Delayed, ACP Price Tag Reaches $7 Billion

Delays mainly caused by continuing regulatory battles have added another half a billion dollars to the price tag for the Atlantic Coast Pipeline project now crossing Virginia.  Dominion Resources CEO Thomas Farrell used a new top figure of $7 billion in a discussion of the project with investors and analysts on November 1.

Back in February it was the Duke Energy CEO who first floated a figure of $6.5 billion for a project that started out with a $5 billion or less advertised price.  Those costs do not include financing, which will add to the amount customers pay for the gas in coming years.  Dominion is the lead partner in the pipeline, along with Duke Energy and Southern Company, but owns slightly less than 50 percent of the project.

The transcript is rough in places, the fault of the transcriber I’m sure, so I may add some suggested translations here and there.

“The FERC stop work order in (and?) delays obtaining permits necessary for construction have impacted the cost and schedule for the project. As a result, project cost actions have increased the range of $6 billion to $6.5 billion to a range of $6.5 billion to $7 billion excluding financing costs,” Farrell told those assembled on a conference call to discuss the company’s third quarter results. The most recent dispute involves the proposed compressor station in Buckingham County, with its permit decision delayed at the last Air Pollution Control Board meeting.

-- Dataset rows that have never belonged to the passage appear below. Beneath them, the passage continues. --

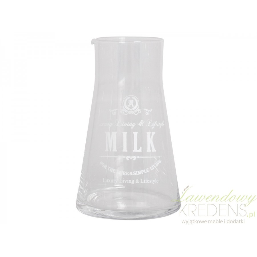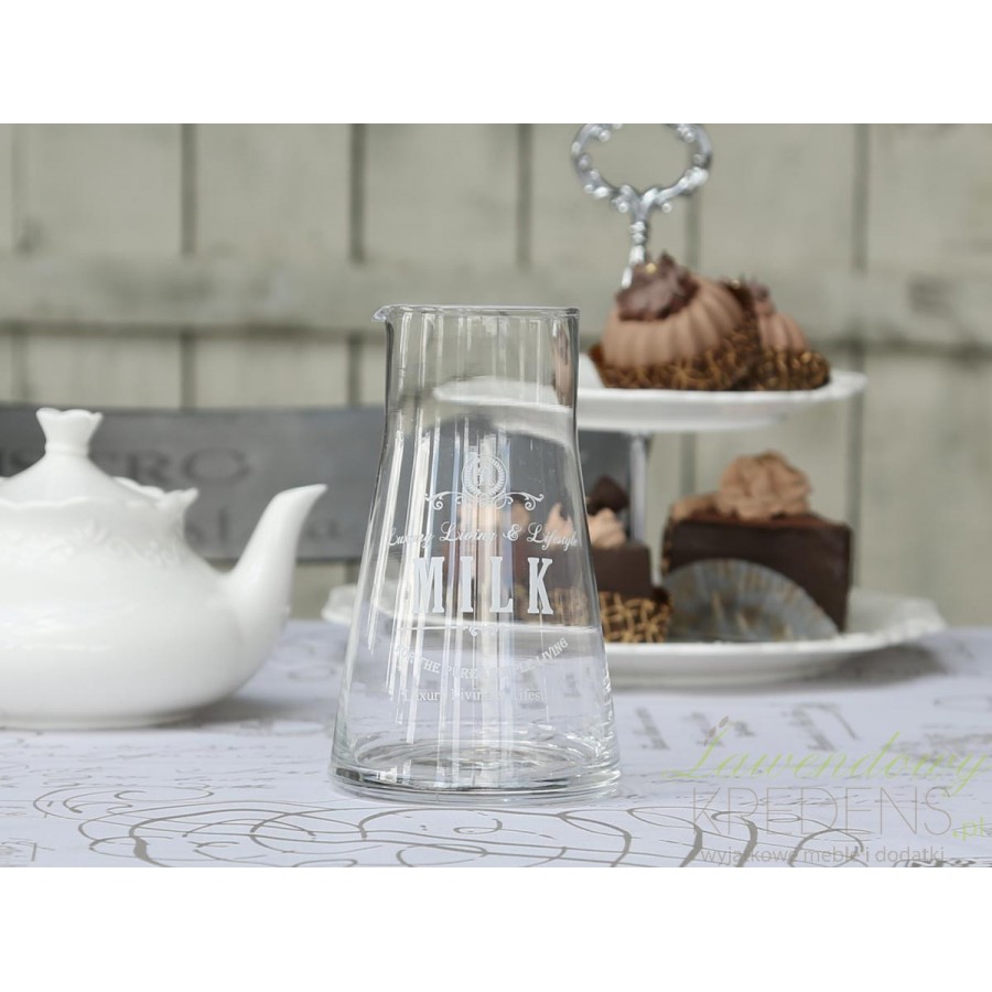 Dodatki do kuchni pełnią niezwykle istotną rolę w wystroju wnętrza. Dzbanek na mleko firmy Chic Antique wykonany jest z dobrej jakości przezroczystego szkła z białym ozdobnym napisem MILK. Ma podłużny kształt i delikatny dziubek, co sprawia, że jest uroczy i świetnie wygląda na stole.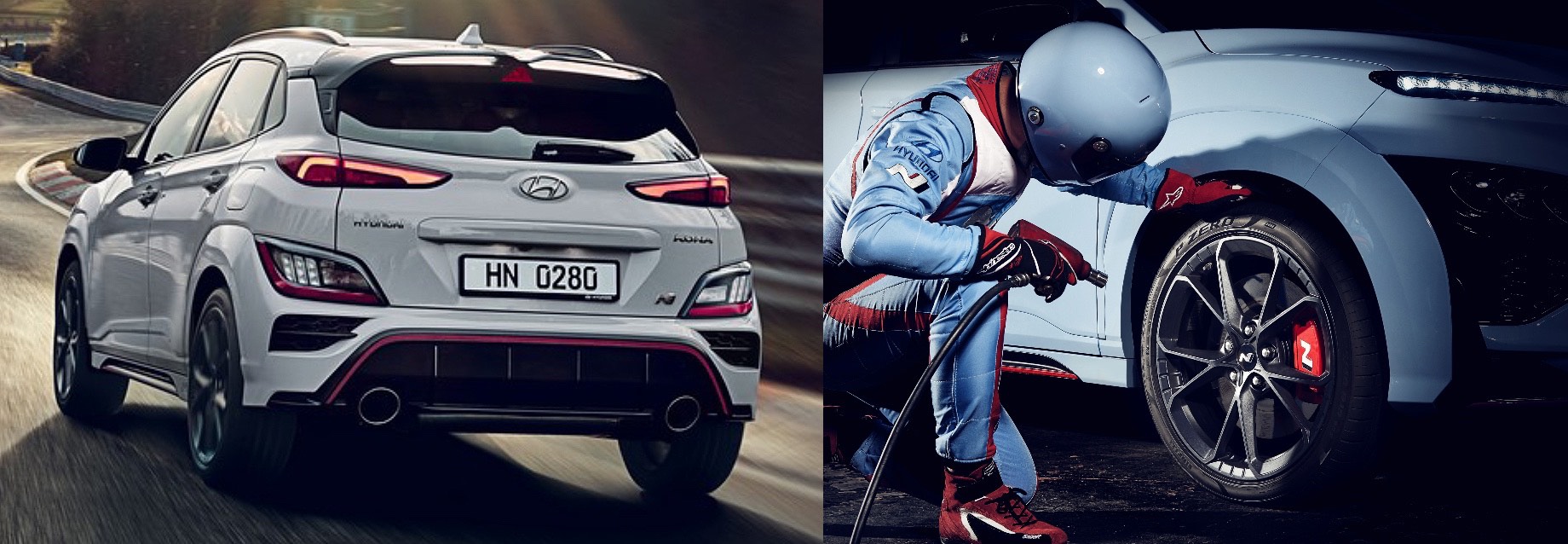 Сзади Kona N выглядит ещё злее, благодаря крупным выпускным патрубкам и двойному спойлеру с треугольным стоп-сигналом. Колёса обуты в шины Pirelli P-Zero размерностью 235/40 R19. Тормоза — с более крупными суппортами и роторами, по сравнению с менее мощными Конами.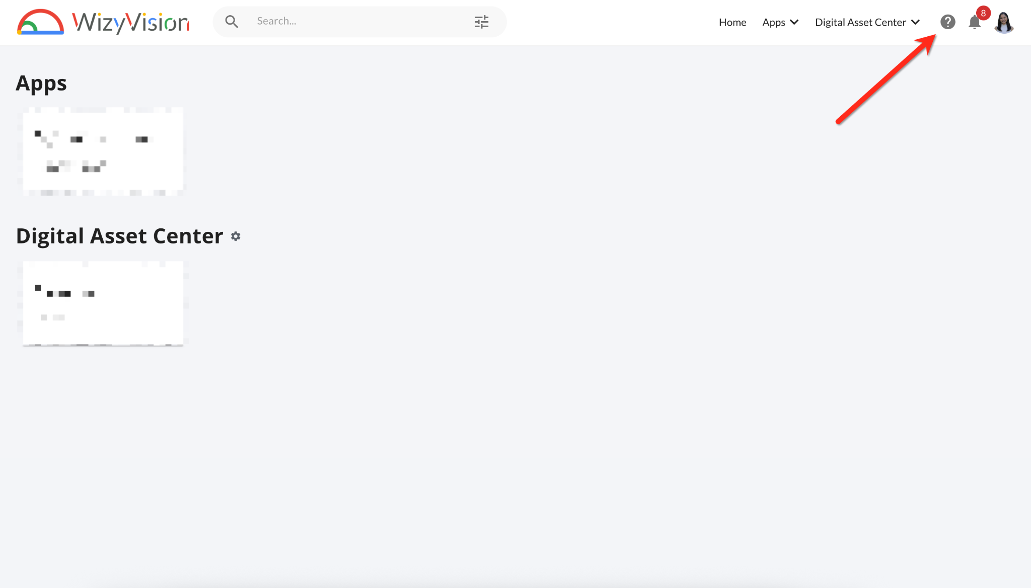 Alternativement, vous pouvez accéder au Portail d'assistance directement depuis votre instance WizyVision en cliquant sur l'icône de point d'interrogation dans le coin supérieur droit.

“The Atlantic Coast Pipeline is pursuing a phase in service approach with its customers whereby we maintain a late 2019 in-service date for key segments of the project to meet peak winter demand in critically constrained regions. ACP will be pursuing a mid-2020 in-service date for the remaining segments.  Farrell said later their profits are not threatened if they don’t start pumping gas in 2019 because the are guaranteed to recover funds used during construction.

“Through this process, we’ve already been through one process with customers on the rates, and we’ll continue to work with them. The returns are going to be very adequate and comments (commensurate?) with the normal returns we get in projects like this in our midstream business,” Farrell said.

Dominion Energy Virginia, through another arm of the company, is one of those customers, meaning of course its millions of Virginia ratepayers will ultimately pay off the portion of the pipeline serving Dominion generation plants.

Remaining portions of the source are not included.